Study Shows a “Singapore Math” Curriculum Can Improve Student Problem Solving Skills
April 1, 2013
A study of HMH Math in Focus (MIF) released today by research firm Empirical Education Inc. demonstrates a positive impact of the curriculum on Clark County School District elementary students’ math problem solving skills. The 2011–2012 study was contracted by the publisher, which left the design, conduct, and reporting to Empirical. MIF provides elementary math instruction based on the pedagogical approach used in Singapore. The MIF approach to instruction is designed to support conceptual understanding, and is said to be closely aligned with the Common Core State Standards (CCSS), which focuses more on in-depth learning than previous math standards.
Empirical found an increase in math problem solving among students taught with HMH Math in Focus compared to their peers. The Clark County School District teachers also reported an increase in their students’ conceptual understanding, as well as an increase in student confidence and engagement while explaining and solving math problems. The study addressed the difference between the CCSS-oriented MIF and the existing Nevada math standards and content. While MIF students performed comparatively better on complex problem solving skills, researchers found that students in the MIF group performed no better than the students in the control group on the measure of math procedures and computation skills. There was also no significant difference between the groups on the state CRT assessment, which has not fully shifted over to the CCSS.

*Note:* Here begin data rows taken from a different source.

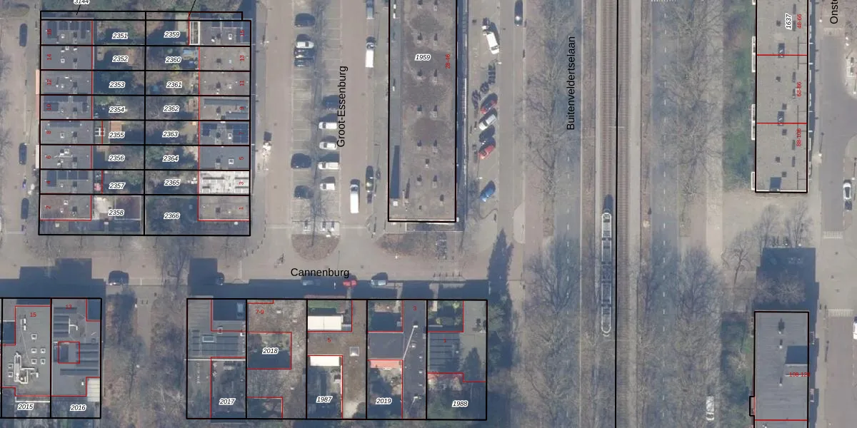 Het perceel waarop Groot-Essenburg 22 staat heeft een oppervlakte van 1223 m². Dit is een zeer groot perceel. De perceeloppervlakte wordt geregistreerd door het Kadaster. Gedetailleerde informatie over de maten van dit perceel kunt u vinden in het rapport Kadastrale kaart met maatvoering van Groot-Essenburg 22.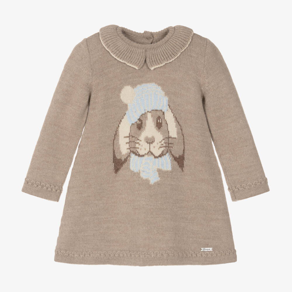 Exclusive to Childrensalon, this charming beige dress for little girls is by Foque. Made from a soft alpaca-blend knit, this long-sleeved dress is warm and cosy, ideal for the cooler months. Complete with a sweet collar, there is an adorable floppy-eared bunny rabbit design on the front, wearing a stripey pale blue hat and scarf. It fastens with buttons on the back for a neat finish, and there is a mother-of-pearl logo tab near the hemline.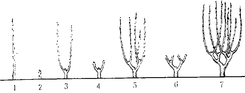 中干桑养成法 桑苗定植后发芽前,离地45~50厘米剪去苗干,养成主干。发芽后选留生长健壮,着生位置匀称的新梢3个,使长成枝条。第2年春发芽前,离地75~80厘米春伐,作为第1支干。发芽后每根支干选留2个新梢,使长成6根枝条。第3年春发芽前,将6根枝条离地110~130厘米春伐,作为第2支干,中干桑定型。发芽后疏芽留芽。第4年春蚕期在枝条基部或稍高处进行夏伐收获桑叶,桑园开始成林,进入盛产期。 高干桑养成法 养成步骤和剪定方法与中干桑基本相似,仅主干高度较高,支干层次较多,养成年限稍长,可参照中干桑养成方法,分年剪定养成。 杈子桑 淮北地区素有以桑树培养成桑杈的技术,以供农村打场、堆草之用的习惯。其法是:挖掘较大的植穴,多施基肥,每穴栽实生苗3~5株。实生苗在栽植当年,不加修剪,任其生长。第2年春发芽前,齐地剪去枝干,发芽后每株留1个芽,其余疏去。新枝长到150厘米时摘芯,养成杈干,摘芯后长出的侧枝,除留上端4~5个外,其余的分次除去,留侧枝的部位,就是培养杈枝的地方。第3年春发芽前,把全部侧枝从基部留1个芽处剪去。这样就能促使侧枝基部萌芽4~5个。待新芽长到10厘米左右时,选留位置适当的芽2~4个,培养成杈股。同时在杈股对面留1侧枝,成为杈辫。第4年继续培养,冬季砍下,经过整形即成3~4股的桑杈。 条墩桑 分布于西北华北部分地区,常栽于土地分界处,冬季收割枝条,作为编织材料,也有防风固沙作用。近年来已适当采用桑叶,条墩桑用压条或分根法繁殖,属实生桑类型,具有分蘖性强,枝条细直等特性。由于多年割条分蘖,根桩逐年扩大,成为桑墩。 桑树树形养成mulberry type training培养桑树树形的过程。即运用伐条、疏芽、整枝、摘芯等剪伐技术,把桑树培养成一定形状,适于栽培要求与采叶养蚕。桑树树形有地桑(无干桑)、低干、中干、高干等。 |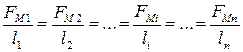 Рассмотрим распределение нагрузки между болтами соединения отдельно от воздействия силы F и от воздействия момента M. От действия силы F нагрузка распределяется равномерно между всеми болтами соединения (рис. 2.21 а):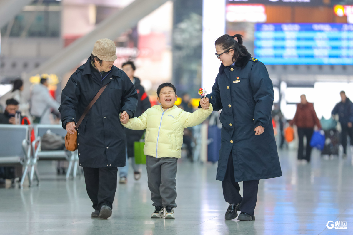2月2日,在山东省青岛火车北站,工作人员帮助旅客乘车出行。

The research used a group randomized control trial to examine the performance of students in grades 3-5 during the 2011-2012 school year. Each grade-level team was randomly assigned to either the treatment group that used MIF or the control group that used the conventional math curriculum. Researchers used three different assessments to capture math achievement contrasting procedural and problem solving skills. Additionally, the research design employed teacher survey data to conduct mediator analyses (correlations between percentage of math standards covered and student math achievement) and assess fidelity of classroom implementation.